=== Recorded information ===
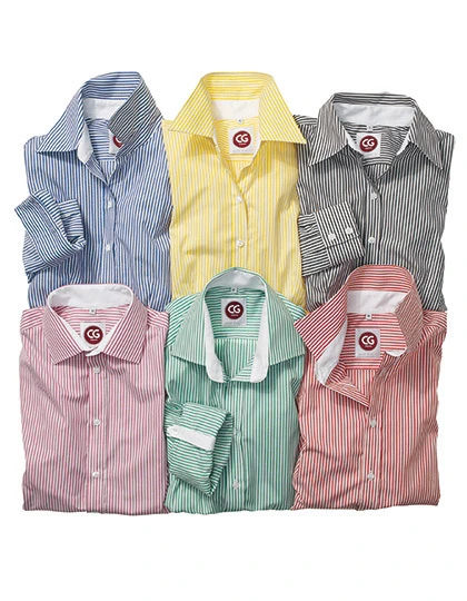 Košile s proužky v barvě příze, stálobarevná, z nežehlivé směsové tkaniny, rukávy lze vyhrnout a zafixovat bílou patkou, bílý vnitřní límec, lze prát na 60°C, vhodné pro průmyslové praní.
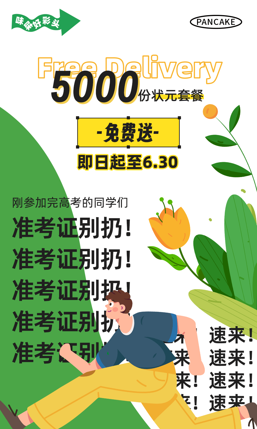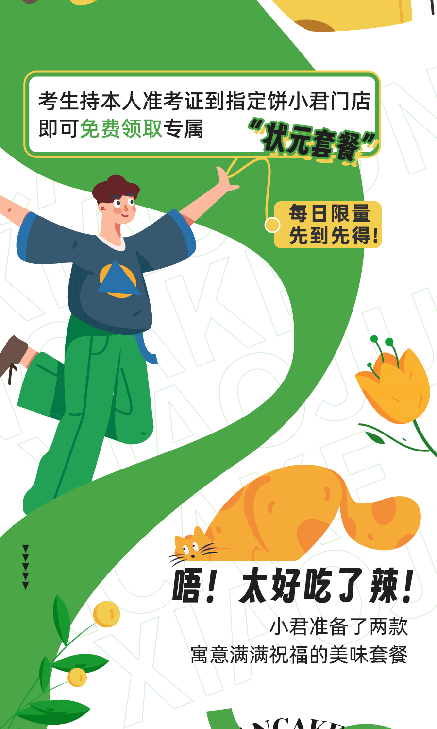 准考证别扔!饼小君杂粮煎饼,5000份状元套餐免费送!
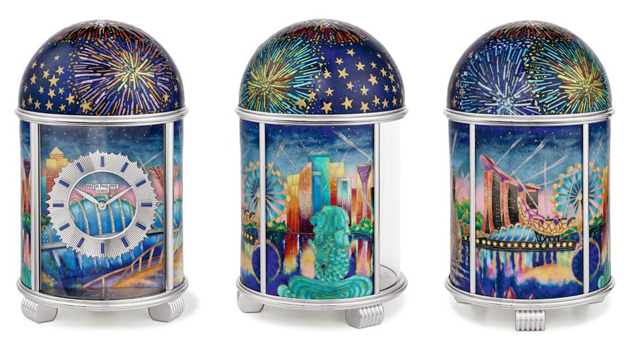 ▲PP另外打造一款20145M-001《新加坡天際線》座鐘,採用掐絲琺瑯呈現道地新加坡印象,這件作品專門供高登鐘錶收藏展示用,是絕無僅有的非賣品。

=== What to produce ===
Output the listing above in full and exactly, with pictures excluded.

=== Answer to the exercise ===
 Košile s proužky v barvě příze, stálobarevná, z nežehlivé směsové tkaniny, rukávy lze vyhrnout a zafixovat bílou patkou, bílý vnitřní límec, lze prát na 60°C, vhodné pro průmyslové praní.
 准考证别扔!饼小君杂粮煎饼,5000份状元套餐免费送!
 ▲PP另外打造一款20145M-001《新加坡天際線》座鐘,採用掐絲琺瑯呈現道地新加坡印象,這件作品專門供高登鐘錶收藏展示用,是絕無僅有的非賣品。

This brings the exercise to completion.